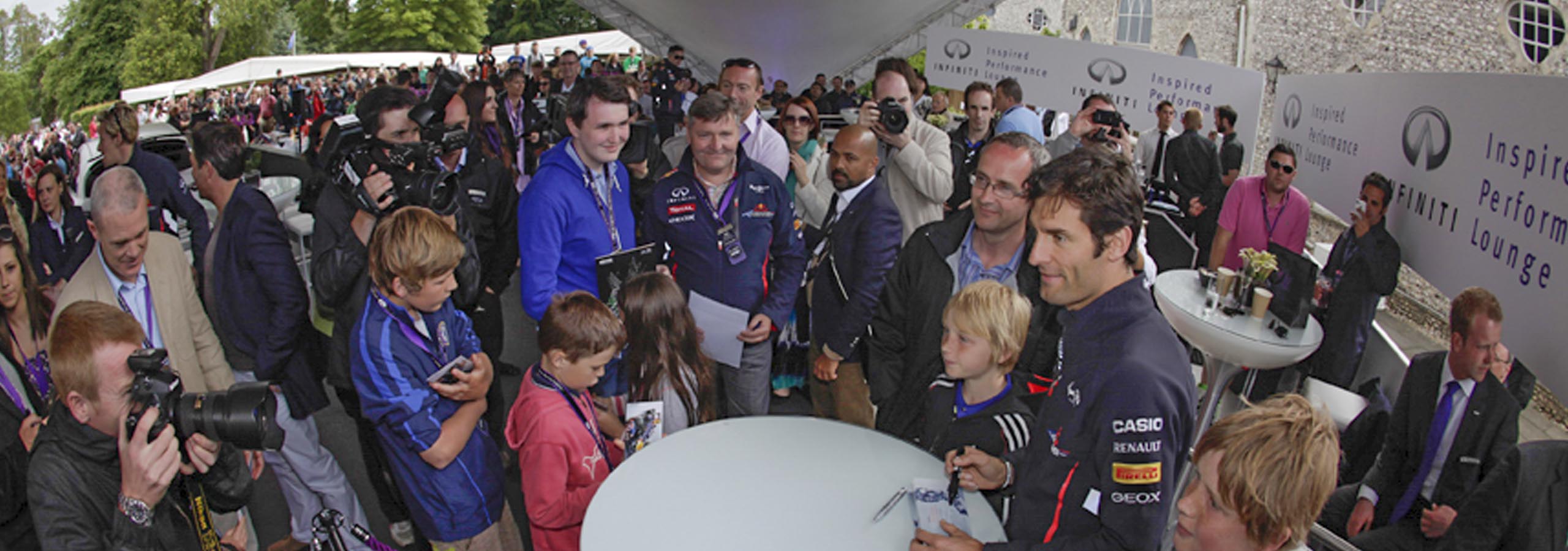 Marca auto în ascensiune Infiniti și-a prezentat în Laundry Green al proprietății modelele actuale precum și mașina de F1 Red Bull a lui Sebastian Vettel.
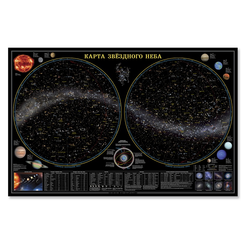 На карте звездного неба также отражена Солнечная система - Солнце и обращающиеся вокруг него небесные тела – 8 планет. Для более точного представления звездного неба даны таблицы характеристик планет, галактик, туманностей, самых ярких звезд и других космических объектов.
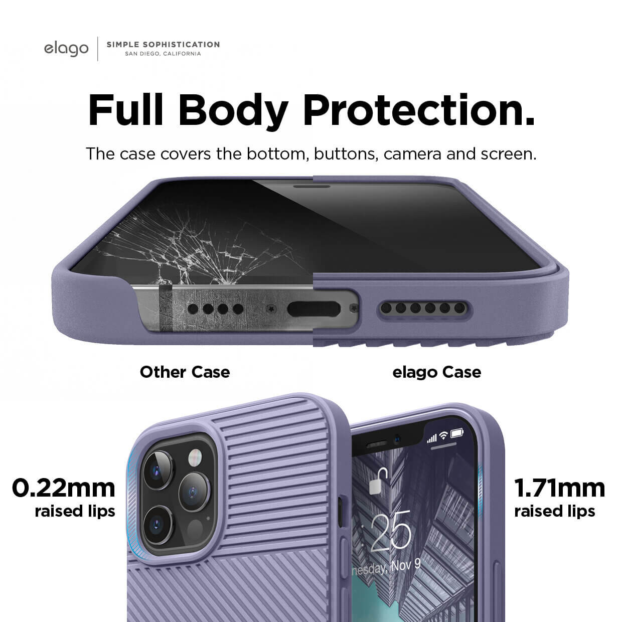 - Калъфът изпъква над камерата с 2.2 мм, което е напълно достатъчно за да оставяте безопасно телефона си по гръб и с 1.70 мм над дисплея, което пък ви позволява да го оставяте и по екран, без да се притеснявате, че повърхността ще има пряк допир с вашия телефон

# Required action
Give the data again exactly, image-free.

# Response
 Marca auto în ascensiune Infiniti și-a prezentat în Laundry Green al proprietății modelele actuale precum și mașina de F1 Red Bull a lui Sebastian Vettel.
 На карте звездного неба также отражена Солнечная система - Солнце и обращающиеся вокруг него небесные тела – 8 планет. Для более точного представления звездного неба даны таблицы характеристик планет, галактик, туманностей, самых ярких звезд и других космических объектов.
 - Калъфът изпъква над камерата с 2.2 мм, което е напълно достатъчно за да оставяте безопасно телефона си по гръб и с 1.70 мм над дисплея, което пък ви позволява да го оставяте и по екран, без да се притеснявате, че повърхността ще има пряк допир с вашия телефон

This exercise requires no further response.